Not to say Steve can't write music or play traditional musical instruments because he does have a degree in music from Central Washington University in Ellensburg. We met there, and we were both in the supporting cast of the infamous video The Fertillachrome Cheerleader Massacre, which featured three band members of The Screaming Trees -"Yes, Dr. Stimson, in the desert, you have to live like a snake or die."

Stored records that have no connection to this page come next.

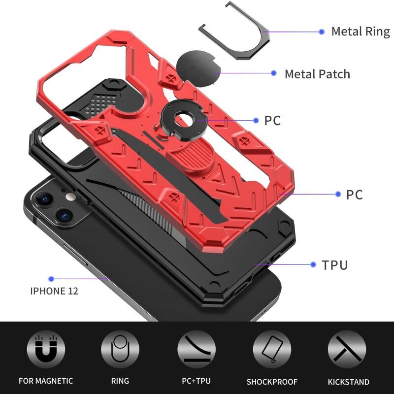 Θήκη κινητού τηλεφώνου 2 σε 1 PC + TPU για iPhone 12 mini Iron Knight Series με βάση δακτυλιδιού (Μαύρο)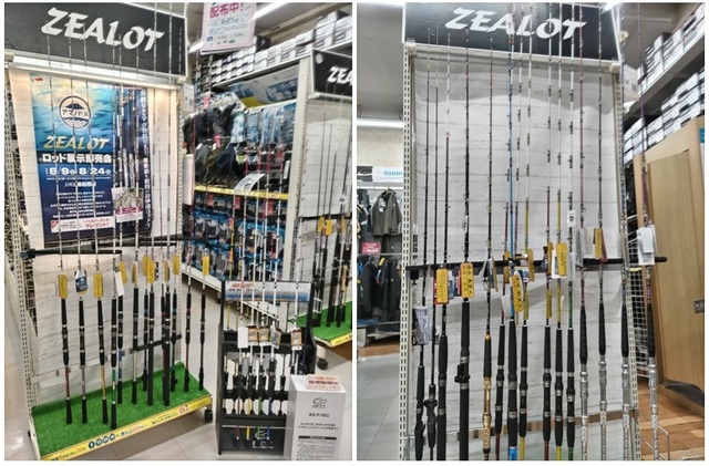 堤防で使う穴釣り用の竿から、大型青物、大型根魚まで狙えるロッドを50本以上展示いたしております。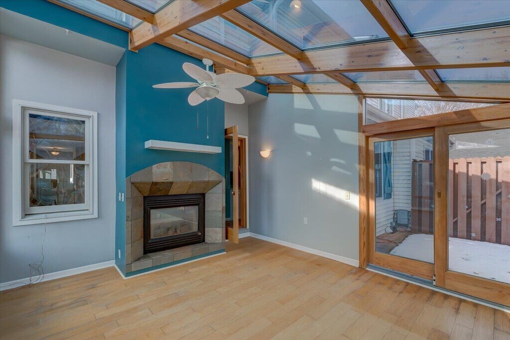 Experience exceptional living in this beautifully renovated townhouse duplex, featuring numerous upgrades & finishes. Step inside to find new flooring throughout, striking slate tile in the upstairs bathroom, & a spacious walk-in closet in the primary bedroom. Modern essentials include a newer furnace, roof, & freshly paved driveway. Entertain or relax on 2 maintenance-free decks or the patio within a fully fenced, spacious backyard—perfect for privacy & outdoor gatherings. Enjoy the warmth & ambiance of two fireplaces: a two-sided fireplace connecting the living room & sunroom, & a second fireplace in the lower-level family room with an egr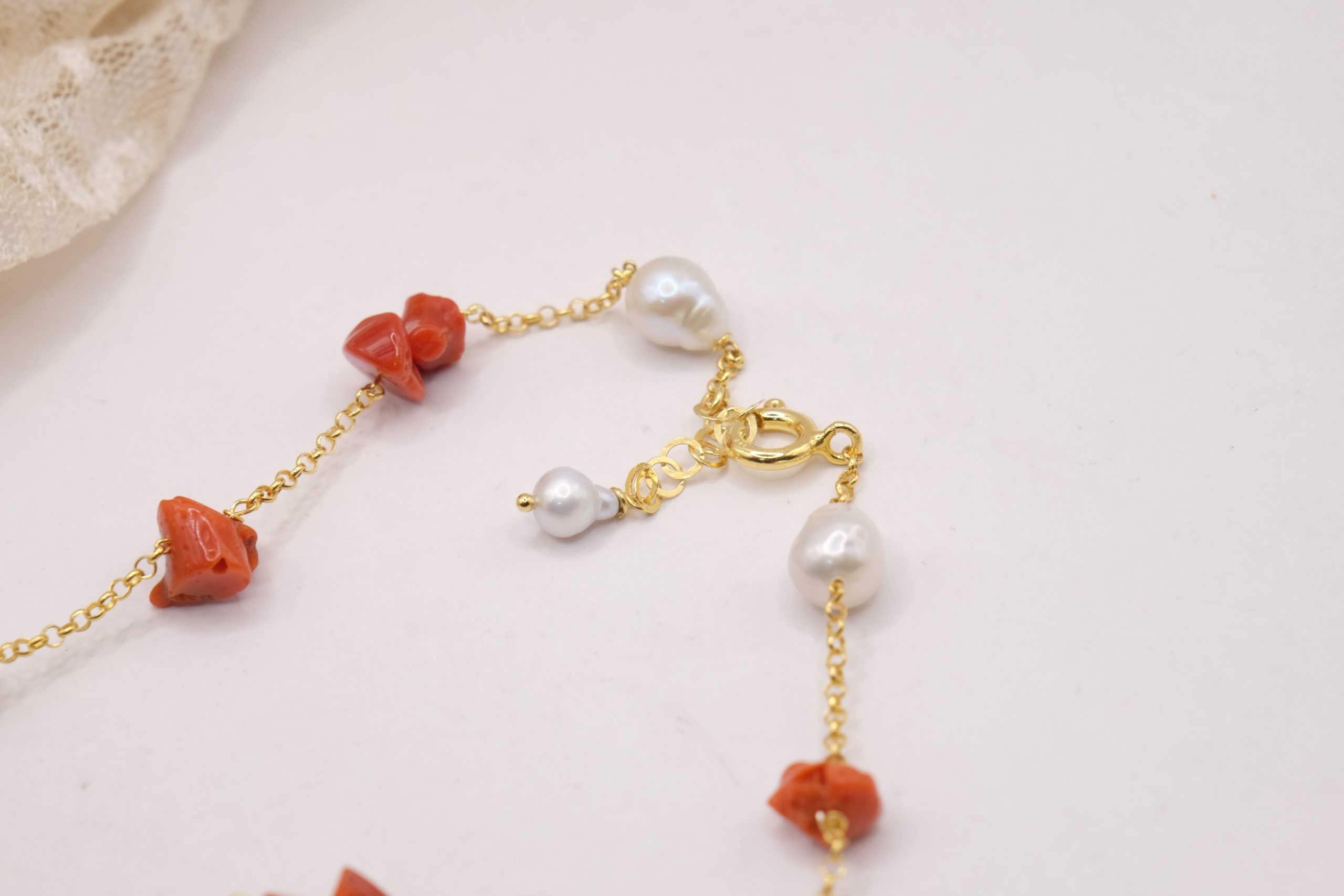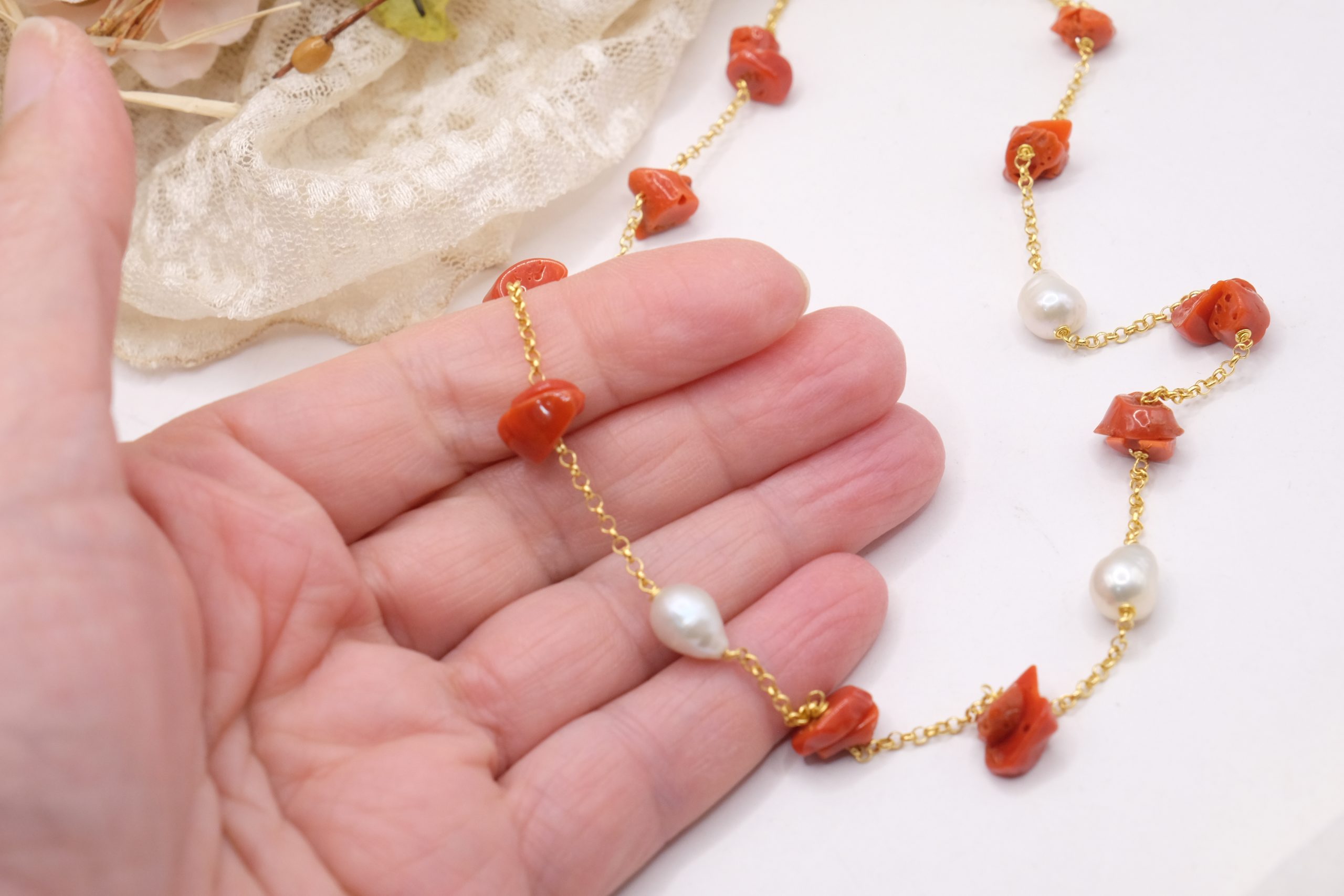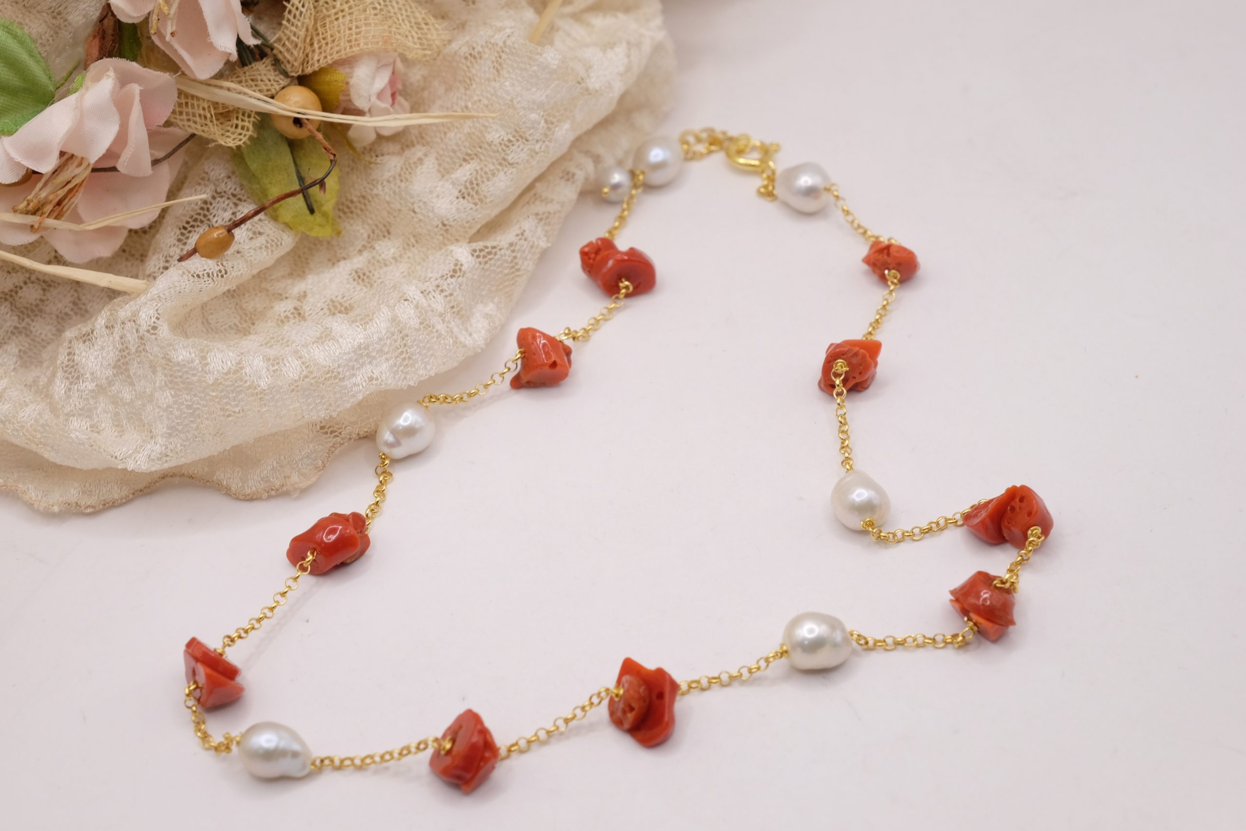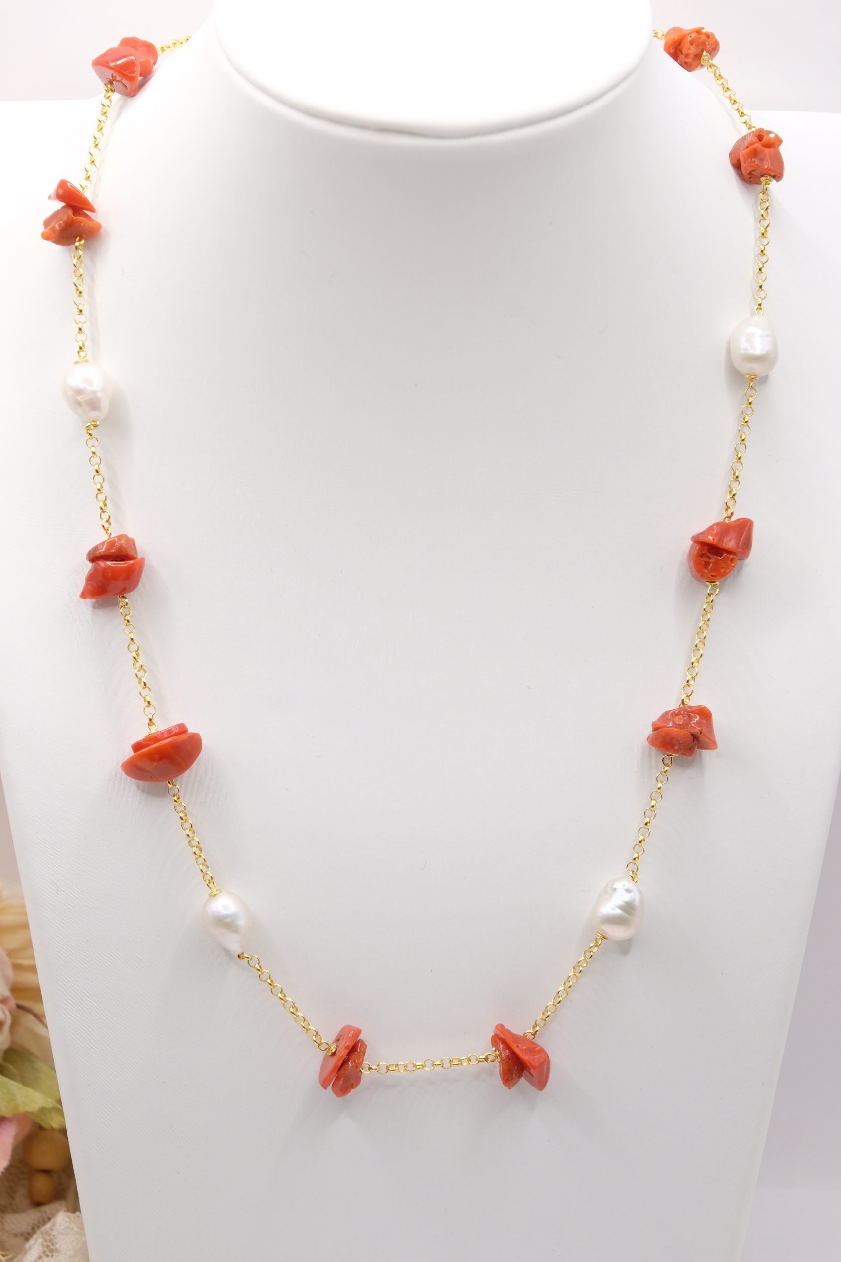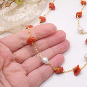 Elegante, raffinata e luminosa collana in argento 925 placcato oro giallo con perle e coralli naturali grezzi

Ask me, go ahead, "What is this poem about?" It's abstract, oblique, and cryptic. It's what I call a screen saver, and it came out of an idea I had at a reading at Many Hands Gallery where I asked the audience to look at the art on the walls rather than at the poet, while I read my poems standing in the center of the room. Kind of like listening to ambient music in a furniture store, while you try out a recliner.



PAINTING CLOUDS
for Priscilla

clouds are familiar sensations
only their positions are uncertain

a pink diver above square top
a dark hood caps little brother

a chorus line of kachinas kickstep
a bony dakini with a skullbowl
soft clouds become hard
quiet clouds become loud

lightning has struck her, so
she sings while she paints

Opening with the Uncertainty Principle and moving into an unfamiliar landscape. Square top and Little Brother are two prominent rock outcroppings east of Pagosa Springs. When the sun sets, their western faces are soaked in pink light. To the south, the mountains are known as Sangre de Christi, the blood of Christ.
There are striking similarities between Tibetan Buddhism and the religions of the Southwest Indians. Kachinas are small dolls used in Hopi religious ceremonies called Skypeople, and Dakinis are female energy forms, a word that means Skywalker.

Priscilla lives among the clouds in these mountains and paints the vistas. She camps with a minimum of gear, her paints and canvas, a gadget to filter water, a few clothes. She has broken off the handle of her toothbrush, to save space. She hikes and paints the panorama, and she sings as she paints. Lightening struck her.